■ **EXERCISE**: Find the line that contains "Soak up the" in the records below, then repeat exactly that line and each one after it, leaving pictures out.
*** Opening DATA SHOWN ***
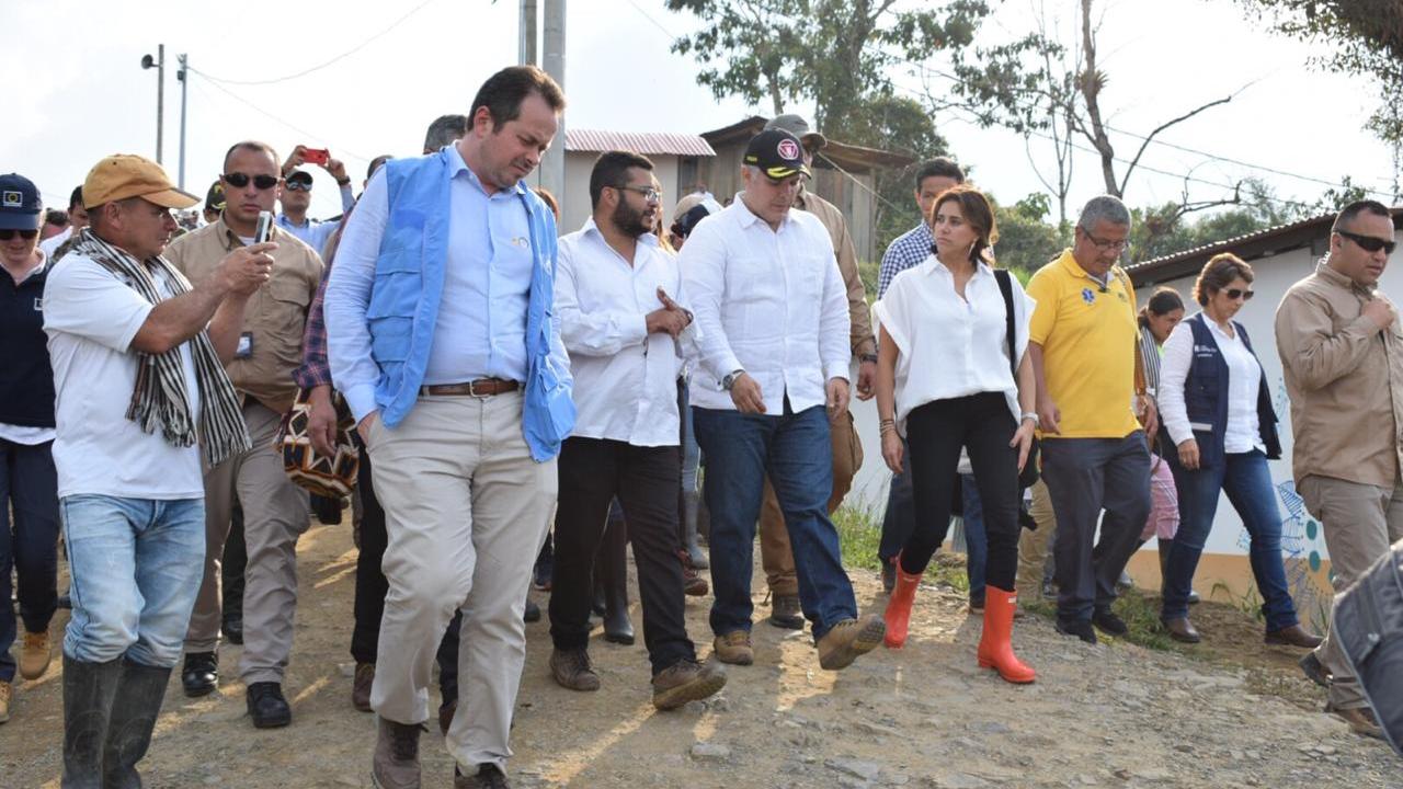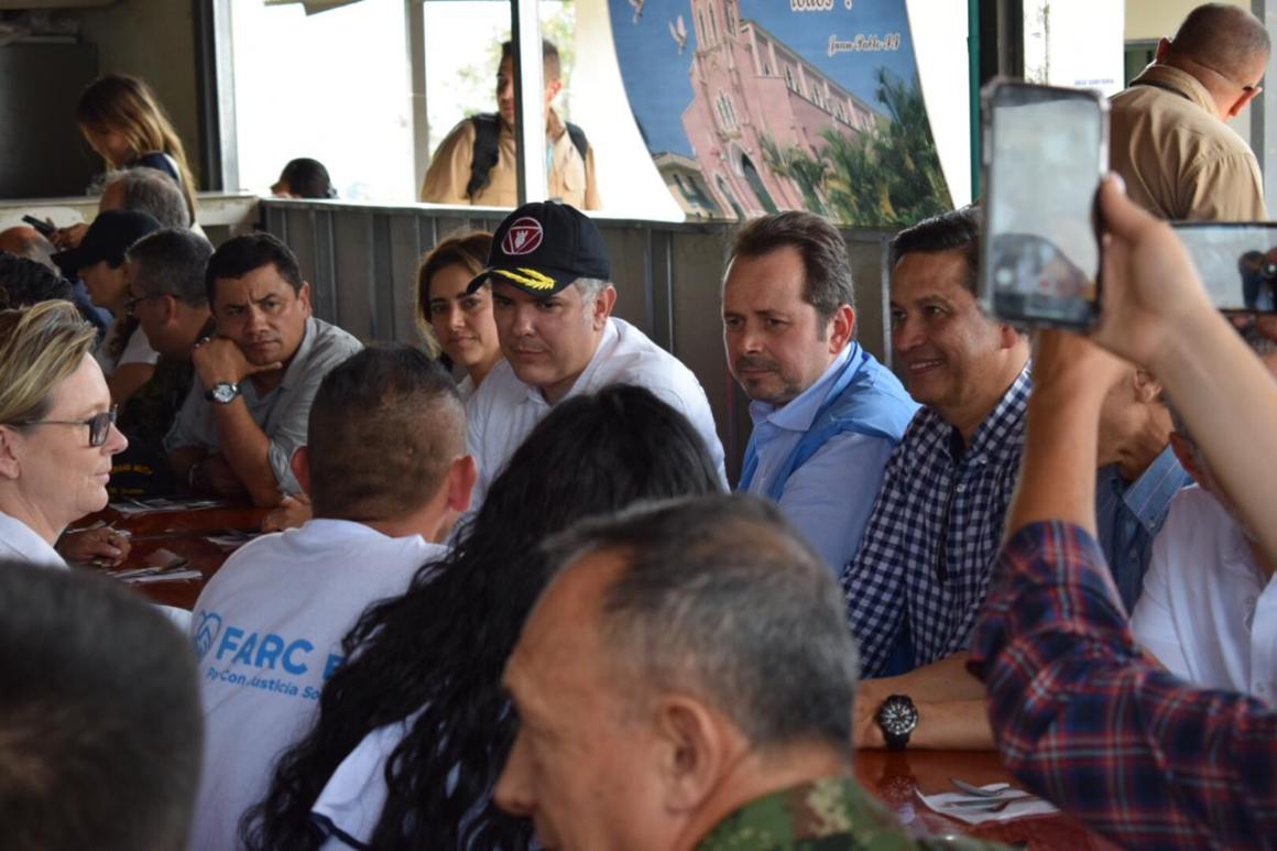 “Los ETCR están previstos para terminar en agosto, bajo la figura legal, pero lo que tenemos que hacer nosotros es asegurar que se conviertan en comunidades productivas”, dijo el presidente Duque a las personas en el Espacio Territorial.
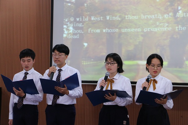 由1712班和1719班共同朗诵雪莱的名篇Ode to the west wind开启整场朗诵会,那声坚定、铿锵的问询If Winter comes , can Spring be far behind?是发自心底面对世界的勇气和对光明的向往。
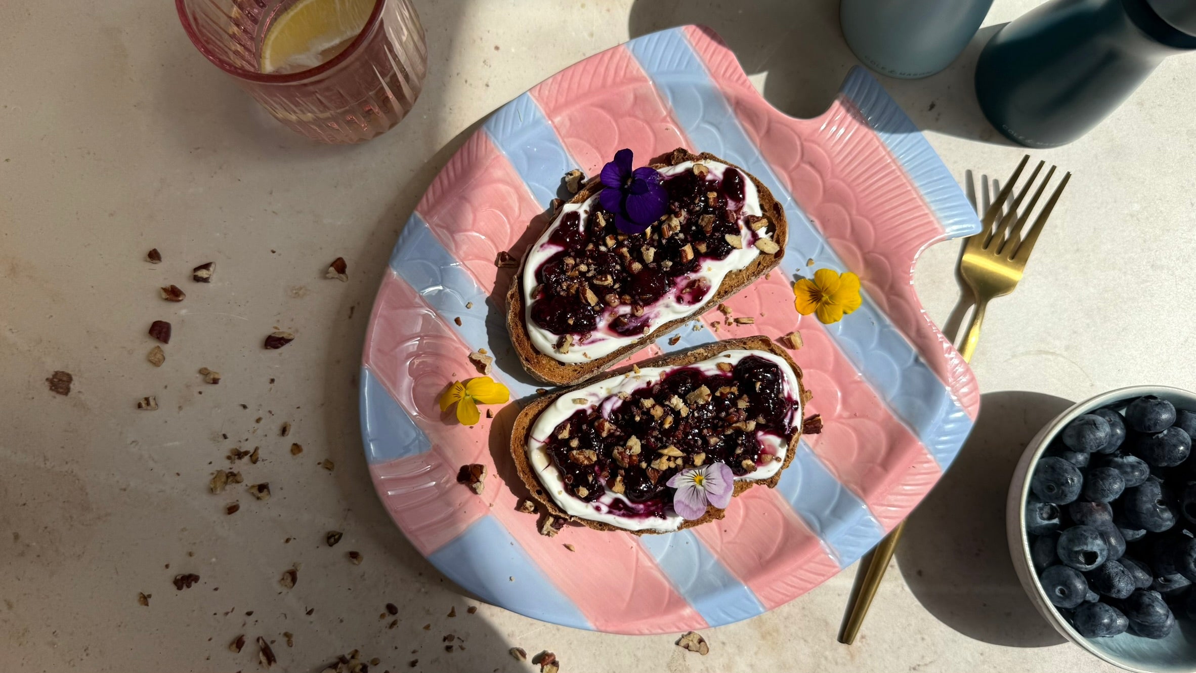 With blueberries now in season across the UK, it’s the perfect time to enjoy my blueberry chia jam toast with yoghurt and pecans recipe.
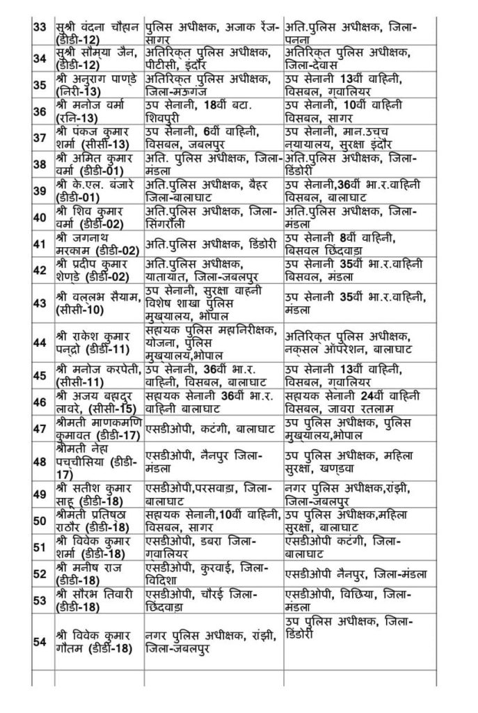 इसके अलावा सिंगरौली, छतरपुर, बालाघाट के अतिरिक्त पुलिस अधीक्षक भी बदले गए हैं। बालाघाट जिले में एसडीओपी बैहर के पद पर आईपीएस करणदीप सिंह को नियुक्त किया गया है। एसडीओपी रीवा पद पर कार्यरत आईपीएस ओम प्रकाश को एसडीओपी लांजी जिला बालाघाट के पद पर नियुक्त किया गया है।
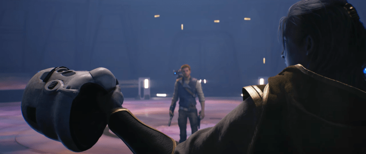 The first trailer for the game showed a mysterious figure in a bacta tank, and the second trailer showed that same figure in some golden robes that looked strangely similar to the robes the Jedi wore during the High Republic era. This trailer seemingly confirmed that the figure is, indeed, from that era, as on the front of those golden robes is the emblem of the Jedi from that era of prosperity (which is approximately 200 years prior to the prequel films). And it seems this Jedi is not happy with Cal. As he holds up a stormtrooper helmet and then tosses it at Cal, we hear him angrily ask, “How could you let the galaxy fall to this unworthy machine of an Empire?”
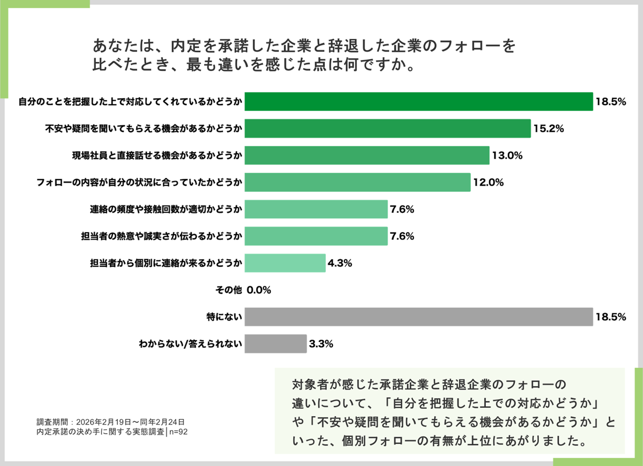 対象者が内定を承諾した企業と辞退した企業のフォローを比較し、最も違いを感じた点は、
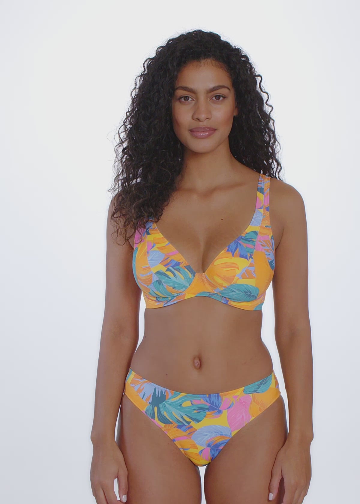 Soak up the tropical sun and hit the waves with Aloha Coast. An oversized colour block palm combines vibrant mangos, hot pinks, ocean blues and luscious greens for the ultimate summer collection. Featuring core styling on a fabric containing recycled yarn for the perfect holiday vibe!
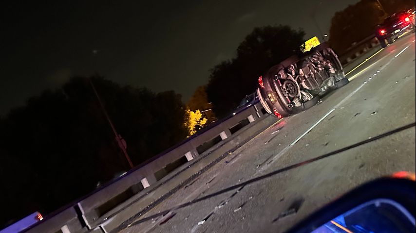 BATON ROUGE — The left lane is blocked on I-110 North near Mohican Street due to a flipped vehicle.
*** Closing DATA SHOWN ***
■ **RESPONSE TO THE TASK**:
 Soak up the tropical sun and hit the waves with Aloha Coast. An oversized colour block palm combines vibrant mangos, hot pinks, ocean blues and luscious greens for the ultimate summer collection. Featuring core styling on a fabric containing recycled yarn for the perfect holiday vibe!
 BATON ROUGE — The left lane is blocked on I-110 North near Mohican Street due to a flipped vehicle.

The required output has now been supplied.